1031 Exchange: What Every Syndicator Should Know!

In this episode of TBD with TLG, syndication attorneys, Gene Trowbridge and Jonathan Nieh, discuss 1031 exchange and the aspects of the law syndicators ought to be aware of.

Transcript

JN- [Jonathan] Hey Gene, how's it going
GT- Find, Jonathan. It's going great today. So I just can't wait to hear what you've come up with as your TBD topic for the day. It's always exciting.
JN- So yeah, I guess on this episode of TBD with TLG the topic is gonna be 1031 exchanges. Yay.
GT- Boy, that's a hot topic. That that's good. I know that on our Facebook page sometimes we get people who comment to us about that. So that's a good topic. Good job, Jonathan.
JN- Yeah, we definitely get a lot of questions about 1031 exchanges, what they are, whether you can even use one in a syndication and then how to go about it. So I guess to kind of explain to everyone what a 1031 exchanges are. IRS rule that allows someone to exchange like-kind property without being taxed. So I guess, well, you were explaining to me earlier, the kind of like the historical background of 1031 exchanges how it came about. But I guess back in the day, companies would exchange their assets, exchange for example like a factory, right? Two companies, each owns a factory, they would exchange it. No money has changed hands. So I guess the IRS decided, Oh, that shouldn't be taxable because you're just exchanging two things. I guess, in the real estate world though, so how it works is, you exchange one piece of property for another property and by doing so, if you don't have any there's no cash transferred in that exchange, you're not taxed on it. So,
GT- Yeah, Jonathan, the, you're exactly right in the way they do the formulas and we're not gonna worry about formulas here is that they look at the equity you have today and they look at the equity you have tomorrow in the new property. And if you just, if you transfer all of your equity you don't put anything in your pocket. So there's nothing for the government to recognize as a gain. And that's very, that's very beneficial, in the old days you could do personal property too. If I had a bulldozer and you had a backhoe and I needed the back hoe more than I needed the bulldozer, we could do that. As long as its business property. Now this, as long as it's business property for a long time 1031 covered just move your equity in real estate from one pile of bricks and mortar to another pile of bricks and mortar. Done right it's a transaction that is recognized for tax purposes. It's a great way to move real estate. And you do have the benefits of the benefits of tax deferral. If you went to a conference, I am always involved with the society of exchange counselors and they'd stand up and they'd give you 42 reasons to do an exchange, and only one of them is the reason to defer taxes. Although as you've gone on and talked about this some more, I'm sure most of our listeners are gonna get a sense of that that's the reason you do it. And that's the most important part. So that's what I think about this. And I'll shut up now.

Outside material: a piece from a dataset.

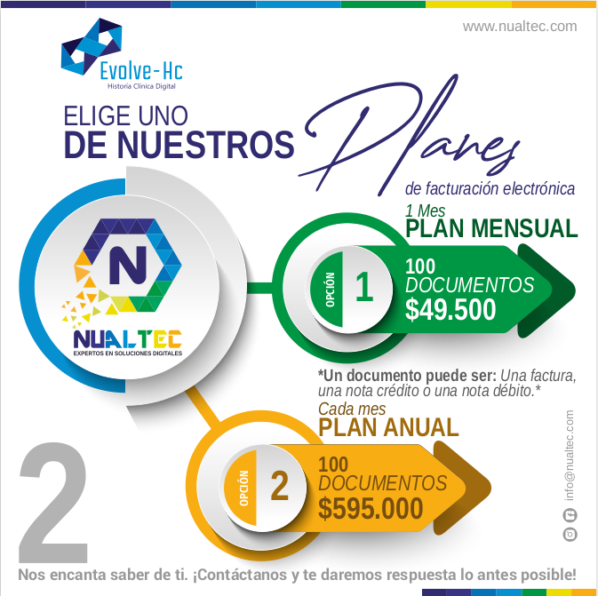 Los planes de facturación electrónica relacionados a continuación aplican para la facturación generada desde nuestro sofware de Historia Clínica. Tenga presente que:

JN- Yeah. So I guess one of the questions we get a lot is, can we do a 1031 exchange in our syndication? So a lot of our clients will come to us and say, "Hey, I have this one investor that wants to sell his property and do a 1031 exchange into this deal with us in our syndication." And generally speaking, the answer to that question is, no. Because when you're setting up a syndication, what you're selling to your investors is interest in an LLC which is personal property interest. It's not the same as real property interest. So the investor cannot exchange his real property interests for personal property interest and still be eligible for 1031.

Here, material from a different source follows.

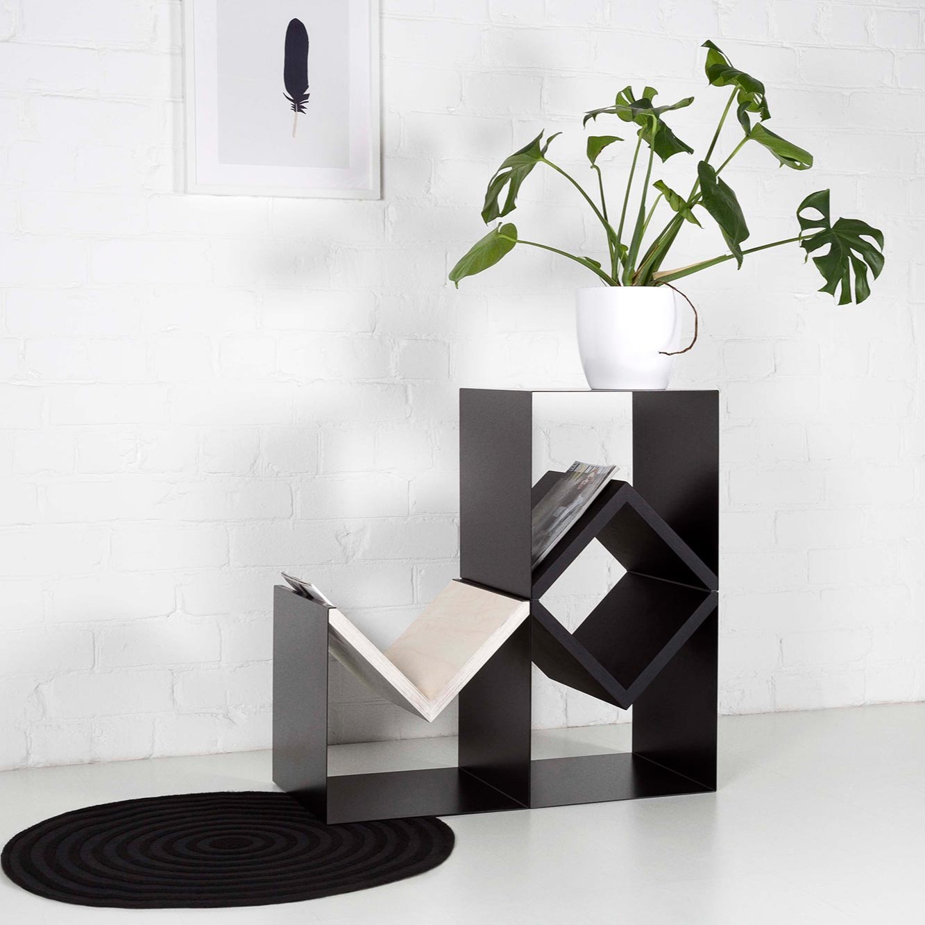 Sivupöytä on väriltään musta. Pöytä on valmistettu koivuvanerista ja teräksestä.

GT- And that's what you said earlier. You use the term like, kind, we should spend just a second on that, like kindness, exactly what you said, it's real estate, for real estate. Fine, but it isn't raw land, for raw land and a shopping center, for a shopping center. That's not what like kind means. Like kind means real estate for real estate. So if I have a single family house and I'm renting out it's used in my trade or business, and I want an exchange it for ownership in an apartment building, I can do that. I can do that. And I can do that, and avoid the taxes on that. So like kind, that's a real key. Another thing that's a real key is that it has to be a trader business property. It can't be your personal residence. Jonathan, you have a house now and you're moving up North. If you were to sell your house and when you move to San Francisco, you wouldn't look to 1031 as the IRS rule for deferring your gain, 'cause there's another rule that applies to personal residence, which talks about differing up to merit up to $500,000.
JN- 500, yeah.
GT- Yeah. So different set of rules. So for this is for business property and it's real estate for real estate. And that's, as you said, Jonathan that's a problem. Who takes the title? Who takes the title in this syndications? Does an individual investor take title to the real estate?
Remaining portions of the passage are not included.